The mothers were not trying to intimidate anyone, and it was not the mothers who interrupted the meeting. “You need only look at the superintendent and the board who disrupted their own meeting to browbeat a mom, who had the law on her side, in a vain attempt to force compliance…. If they had left her alone, they could have proceeded with the meeting” and there would not have been any vandalism.

And now, because of the trespassing citation, the single mothers were instructed that they could be arrested and cited for burglary if they show up on district property to pick up their children from school or go to their children’s athletic events. MciIwain would risk arrest going to her children’s graduations from kindergarten and fifth grade.

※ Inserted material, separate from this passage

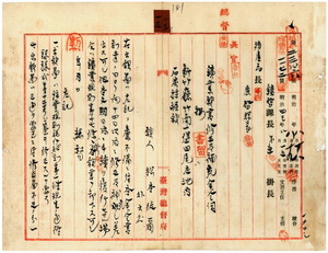 一三 松本徒爾・芥川善治・角居謙太郎・本多清・神谷甚造・黄錬石・鍾勝明ヨリ出願ノ新竹庁管内ノ石炭採掘願ニ付キ明治四三年八月一二日ノ檜山甚兵衛ヨリノ鉱業許可願ト出願重複ノ為メ鉱業規則施行細則第一七条第二項ニ基付キ抽籤ヲ施行シ松本徒爾ヲ優先者ト決定ノ旨石炭鉱採掘願許可並ニ檜山甚兵衛ヘ鉱区訂正願許可ノ件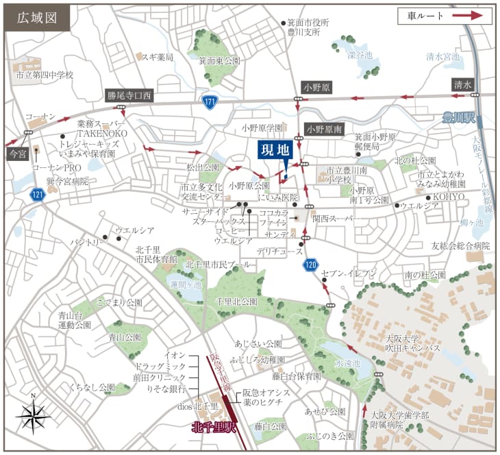 大阪モノレール彩都線「豊川」駅も徒歩圏にあり、行先や天候によってアクセス方法を選べます。

All this action came about because the three mothers had some concerns that they wanted to address at a local school board meeting. The women are not going away quietly. MciIwain and Bellamy created a website called Washougal Moms to get their story out. They are also seeking donations to pay legal bills because they believe that they were defamed by the school district in the local newspaper. They held a rally to draw attention to the issue and said that they have already found candidates for the school board. They are also looking for a civil rights attorney to sue the district. They may have a good case.

An attorney with the Freedom Foundation, which is already combating the state’s mask mandates, says there may have been violations of state open meeting laws and civil rights violations.

            You never know when you might open a can of worms by simply signing up to speak at a public meeting. The results of this case should be interesting.